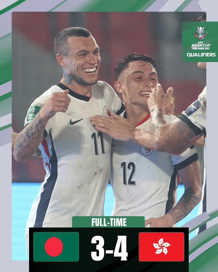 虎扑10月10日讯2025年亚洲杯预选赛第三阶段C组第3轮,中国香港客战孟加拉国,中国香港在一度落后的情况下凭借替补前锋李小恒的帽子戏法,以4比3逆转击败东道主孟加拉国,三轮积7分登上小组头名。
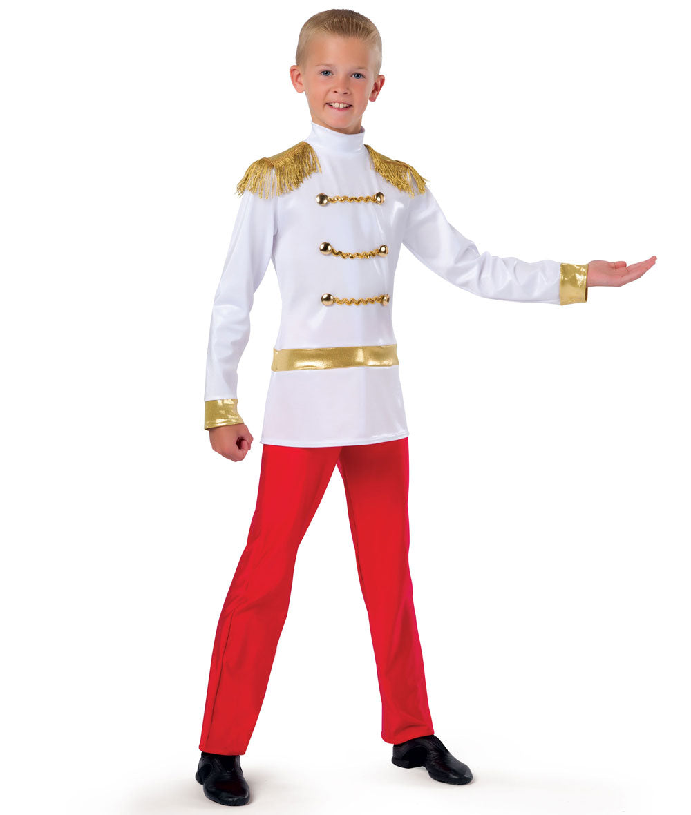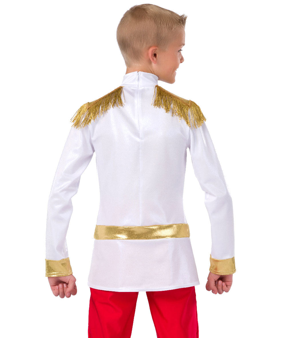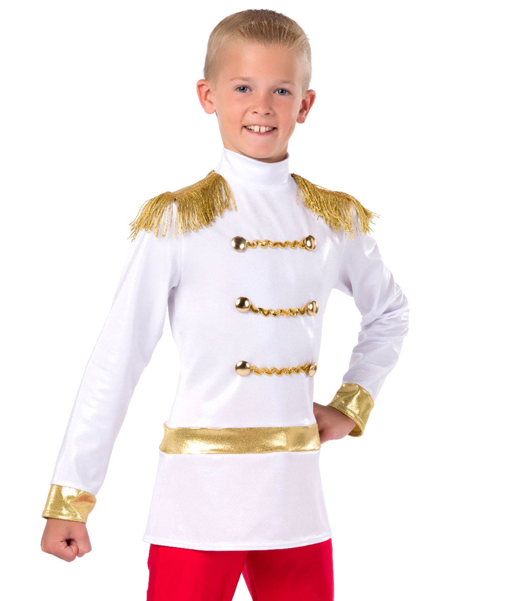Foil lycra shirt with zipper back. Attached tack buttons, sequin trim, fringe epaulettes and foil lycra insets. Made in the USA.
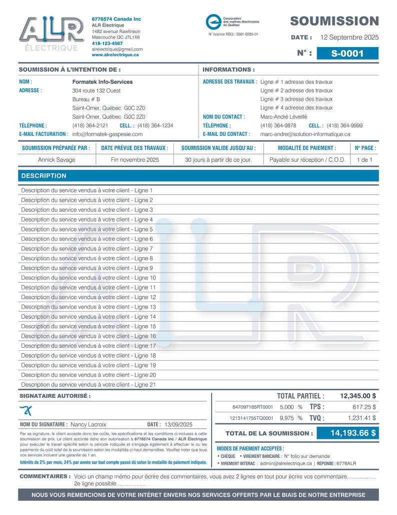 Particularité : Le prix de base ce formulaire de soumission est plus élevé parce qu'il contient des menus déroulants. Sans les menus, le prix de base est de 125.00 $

- - -

Could you reproduce the listing above exactly and drop every picture?

 虎扑10月10日讯2025年亚洲杯预选赛第三阶段C组第3轮,中国香港客战孟加拉国,中国香港在一度落后的情况下凭借替补前锋李小恒的帽子戏法,以4比3逆转击败东道主孟加拉国,三轮积7分登上小组头名。
Foil lycra shirt with zipper back. Attached tack buttons, sequin trim, fringe epaulettes and foil lycra insets. Made in the USA.
 Particularité : Le prix de base ce formulaire de soumission est plus élevé parce qu'il contient des menus déroulants. Sans les menus, le prix de base est de 125.00 $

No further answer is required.